→ Source material:
◆ ◆ ◆ ◆ ◆

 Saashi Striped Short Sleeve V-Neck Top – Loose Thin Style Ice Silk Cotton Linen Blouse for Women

◆ ◆ ◆ ◆ ◆

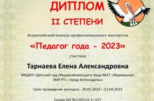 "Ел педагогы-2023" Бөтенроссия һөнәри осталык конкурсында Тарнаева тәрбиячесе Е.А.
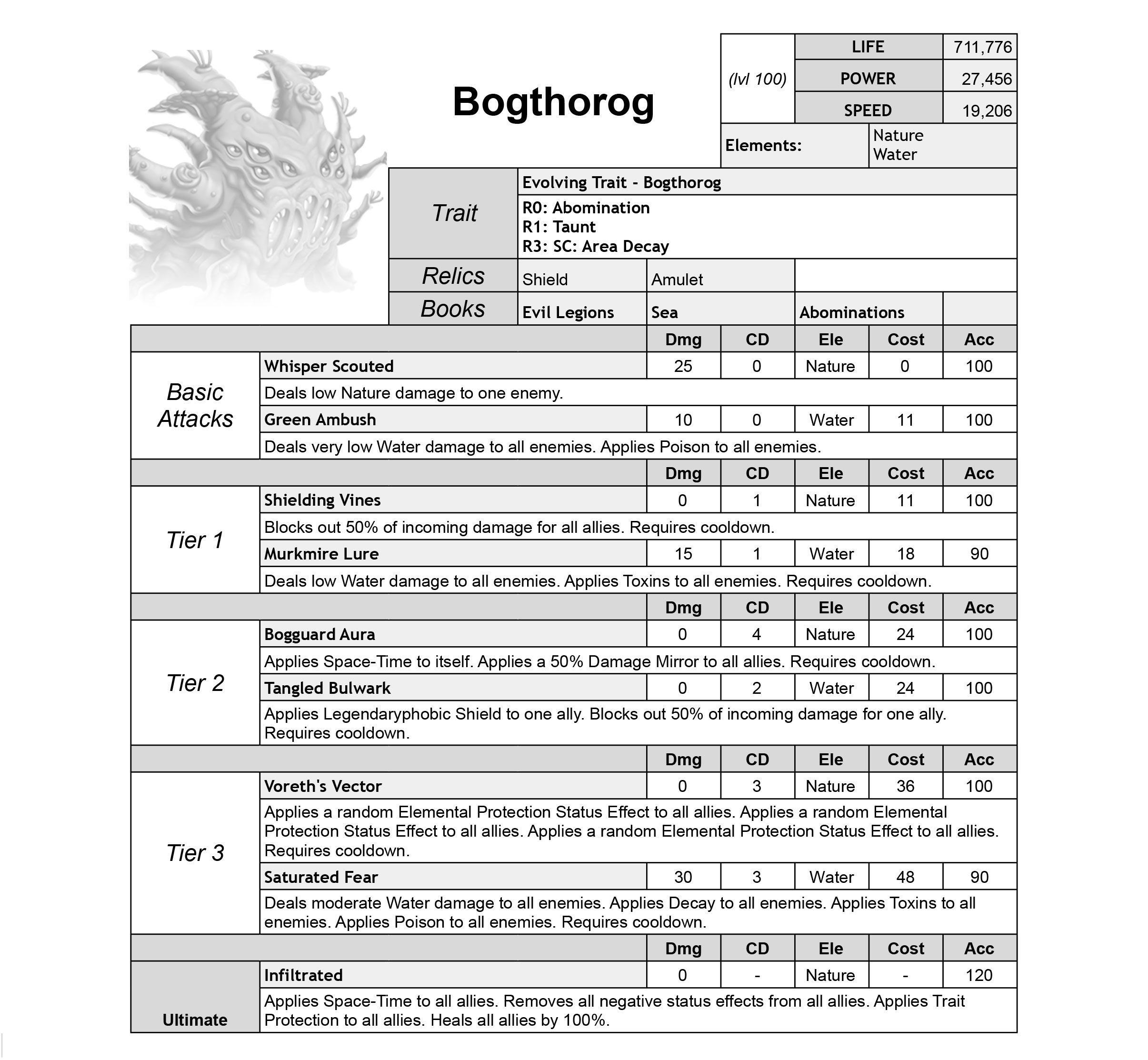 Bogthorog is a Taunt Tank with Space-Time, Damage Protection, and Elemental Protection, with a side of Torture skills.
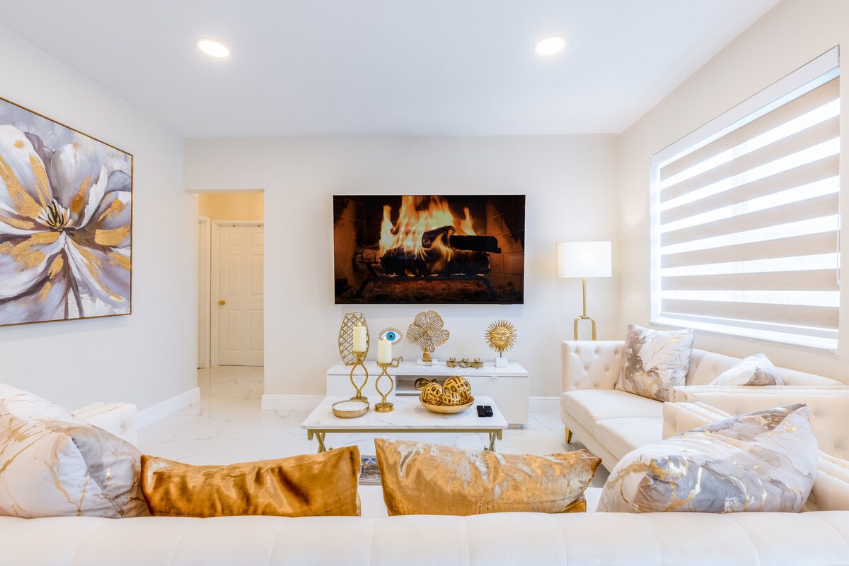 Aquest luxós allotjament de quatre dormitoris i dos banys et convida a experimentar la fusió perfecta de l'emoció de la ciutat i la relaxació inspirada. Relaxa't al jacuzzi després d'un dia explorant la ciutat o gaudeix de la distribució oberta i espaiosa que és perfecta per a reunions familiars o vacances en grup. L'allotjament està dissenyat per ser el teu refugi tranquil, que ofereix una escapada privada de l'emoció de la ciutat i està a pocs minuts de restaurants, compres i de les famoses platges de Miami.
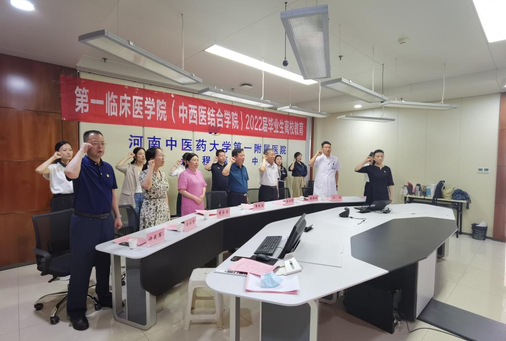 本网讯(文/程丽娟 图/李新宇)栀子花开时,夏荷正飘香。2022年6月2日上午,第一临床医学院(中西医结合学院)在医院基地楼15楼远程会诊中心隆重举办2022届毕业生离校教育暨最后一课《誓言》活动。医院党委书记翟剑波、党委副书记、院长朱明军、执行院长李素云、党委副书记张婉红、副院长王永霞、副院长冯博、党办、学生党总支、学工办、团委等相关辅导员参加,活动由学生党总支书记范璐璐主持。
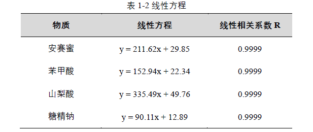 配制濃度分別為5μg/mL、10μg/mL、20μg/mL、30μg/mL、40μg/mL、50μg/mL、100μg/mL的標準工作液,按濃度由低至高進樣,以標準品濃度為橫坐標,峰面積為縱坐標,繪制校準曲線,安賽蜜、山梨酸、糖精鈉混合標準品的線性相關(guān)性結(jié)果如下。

◆ ◆ ◆ ◆ ◆

→ Work item: After locating the line containing "本网讯(文/程丽娟 图/李新" in the entries above, return it and every line after it exactly, ending at the line containing "配制濃度分別為5μg/mL、", without pictures.

→ Task solution:
 本网讯(文/程丽娟 图/李新宇)栀子花开时,夏荷正飘香。2022年6月2日上午,第一临床医学院(中西医结合学院)在医院基地楼15楼远程会诊中心隆重举办2022届毕业生离校教育暨最后一课《誓言》活动。医院党委书记翟剑波、党委副书记、院长朱明军、执行院长李素云、党委副书记张婉红、副院长王永霞、副院长冯博、党办、学生党总支、学工办、团委等相关辅导员参加,活动由学生党总支书记范璐璐主持。
 配制濃度分別為5μg/mL、10μg/mL、20μg/mL、30μg/mL、40μg/mL、50μg/mL、100μg/mL的標準工作液,按濃度由低至高進樣,以標準品濃度為橫坐標,峰面積為縱坐標,繪制校準曲線,安賽蜜、山梨酸、糖精鈉混合標準品的線性相關(guān)性結(jié)果如下。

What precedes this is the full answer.